_Work task_.
Output the listing word for word, minus pictures.

_Material provided_.
Segment Open
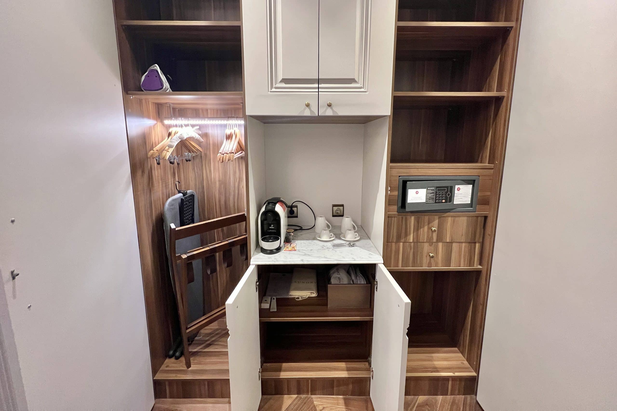 Behind the bed is a closet containing shelves, drawers, a safe, iron, and ironing board. A separate coffee station can also be found here.
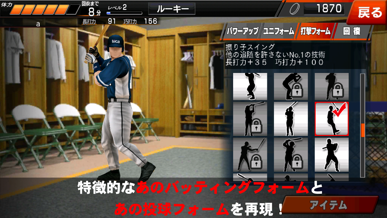 ・アイテムを装備すると長打力(打球の飛距離が伸びる)、巧打力(打ちやすくなる)がアップ!
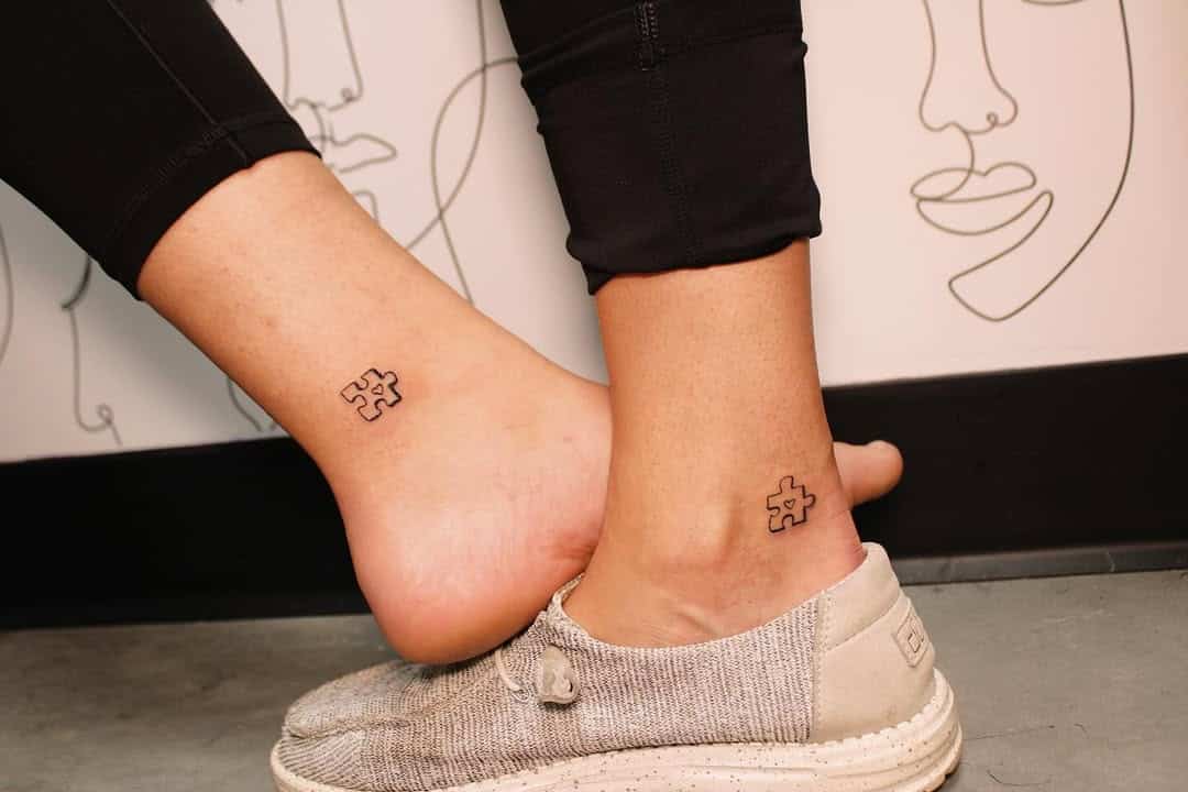 Puzzle piece tattoos are a fun and meaningful way to represent how two people fit perfectly together. Each person gets a puzzle piece with edges that match the other’s, symbolizing connection, compatibility, and the irreplaceability of the relationship. Designs can be colorful, geometric, or simple outlines. Many people personalize them with initials, tiny symbols, or miniature illustrations inside the puzzle piece. These tattoos suit placements like the wrist, ankle, forearm, or collarbone. The concept feels playful yet deeply emotional—showing that despite differences, both people form a complete picture together. It’s especially popular for couples, siblings, and lifelong friends.
Segment Closed
_Your solution_.
 Behind the bed is a closet containing shelves, drawers, a safe, iron, and ironing board. A separate coffee station can also be found here.
 ・アイテムを装備すると長打力(打球の飛距離が伸びる)、巧打力(打ちやすくなる)がアップ!
 Puzzle piece tattoos are a fun and meaningful way to represent how two people fit perfectly together. Each person gets a puzzle piece with edges that match the other’s, symbolizing connection, compatibility, and the irreplaceability of the relationship. Designs can be colorful, geometric, or simple outlines. Many people personalize them with initials, tiny symbols, or miniature illustrations inside the puzzle piece. These tattoos suit placements like the wrist, ankle, forearm, or collarbone. The concept feels playful yet deeply emotional—showing that despite differences, both people form a complete picture together. It’s especially popular for couples, siblings, and lifelong friends.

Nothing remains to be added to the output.